Labeling AuNCs with radionuclides makes them visible by positron emission tomography, single photon emission computed tomography, and Cerenkov luminescence imaging, offering the convenience for analyzing their biodistribution, monitoring their uptake by the tissue or organ of interest, and optimizing their performance in image-guided therapy.

1. Introduction

As a class of hollow nanocrystals, Au nanocages (AuNCs) feature ultrathin and porous walls comprised of Au or Au-based alloys. Owing to their unique properties, AuNCs have been actively explored for a variety of applications in biomedicine, including drug delivery, cancer diagnosis and treatment.^[1–5] Specifically, their hollow structure provides a high capacity for loading various types of payloads, while the payload can be quickly loaded and released through the pores in the walls.
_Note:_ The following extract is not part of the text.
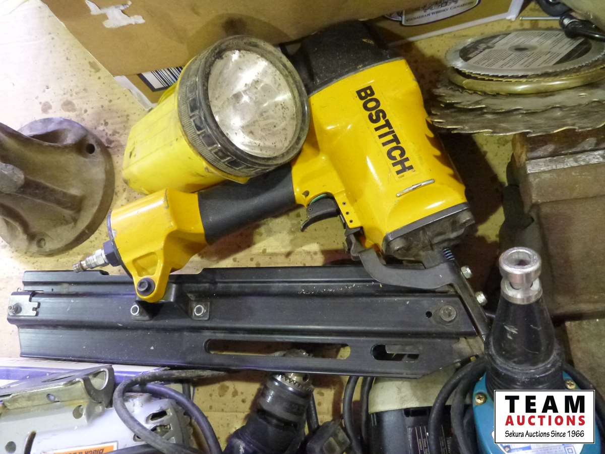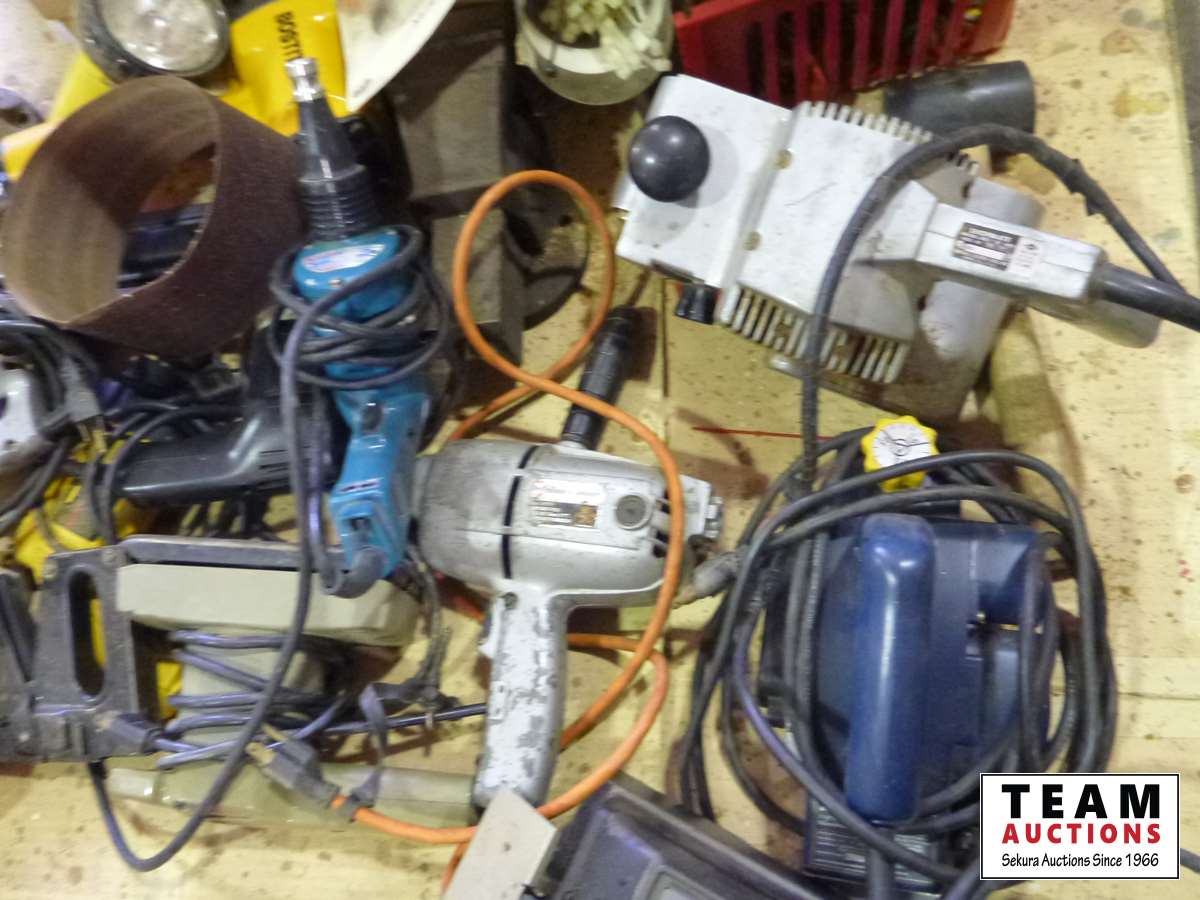 Corded drills, jigsaw, belt sanders, knife sharpener, autobody tool kit, air sander, cable cutter, (2) long measuring tapes, drywall screw gun, miscellaneous tools and hardware

These features are particularly attractive in drug delivery and controlled release.^[5–7] In addition, the localized surface plasmon resonance (LSPR) peaks of AuNCs can be readily tuned to the near-infrared (NIR) region, allowing us to take advantage of the transparent window of soft tissues, where light can penetrate deeply with minimal attenuation. This feature makes AuNCs ideal candidates for in vivo optical imaging and therapeutic applications.^[8] Furthermore, AuNCs exhibit a high efficiency for light-to-heat conversion under NIR irradiation, making them useful in photothermal therapy and/or thermo-responsive drug release.^[9] Their sizes can also be tightly controlled in the range of 20–500 nm, allowing for optimization of their in vivo biodistribution profiles. Their surface can be conveniently conjugated with functional molecules through the gold–thiolate chemistry to achieve favorable interactions with the biological system of interest.^[10] The last but not least, the good mechanical flexibility and stability associated with their single-crystal structure make it feasible for them to survive the complex in vivo environments.^[2]

Among the various features of AuNCs, the capability for imaging is of great importance as it allows one to analyze their in vivo biodistribution, monitor their uptake by the tissue or organ of interest, and optimize their performance in both diagnosis and treatment.^[11,12] Even though AuNCs themselves can serve as optical probes for two and three-photon luminescence imaging or as contrast agents for optical coherence tomography (OCT) and photoacoustic (PA) imaging, these modalities tend to be limited by intrinsic drawbacks such as limited penetration depth and low sensitivity.^[12–16] In addressing these issues, we have labeled AuNCs with radionuclides to make them well-suited as contrast agents for molecular imaging, including positron emission tomography (PET) and single photon emission computed tomography (SPECT).^[17,18] These imaging modalities exhibit unlimited penetration depth and ultra-high sensitivity in vivo, while only a trace amount of the contrast agent needs to be used.^[19–21] They also provide other advantages, such as non-invasiveness, high patient compliance, and real-time quantification of the radioactive tracer concentration at target locations.^[21–23] In addition, the decay of a radionuclide can generate Cerenkov luminescence, making it possible to combine nuclear imaging with optical imaging.^[24,25] Different from conventional luminescence, Cerenkov luminescence does not need excitation light, making it possible for deep tissue imaging while eliminating the interference from background autofluorescence.^[25] More importantly, PET, SPECT, and radioluminescence imaging systems can be integrated together or with other anatomy-based imaging modalities such as computerized tomography (CT), leading to more precise detection and analysis.^[21]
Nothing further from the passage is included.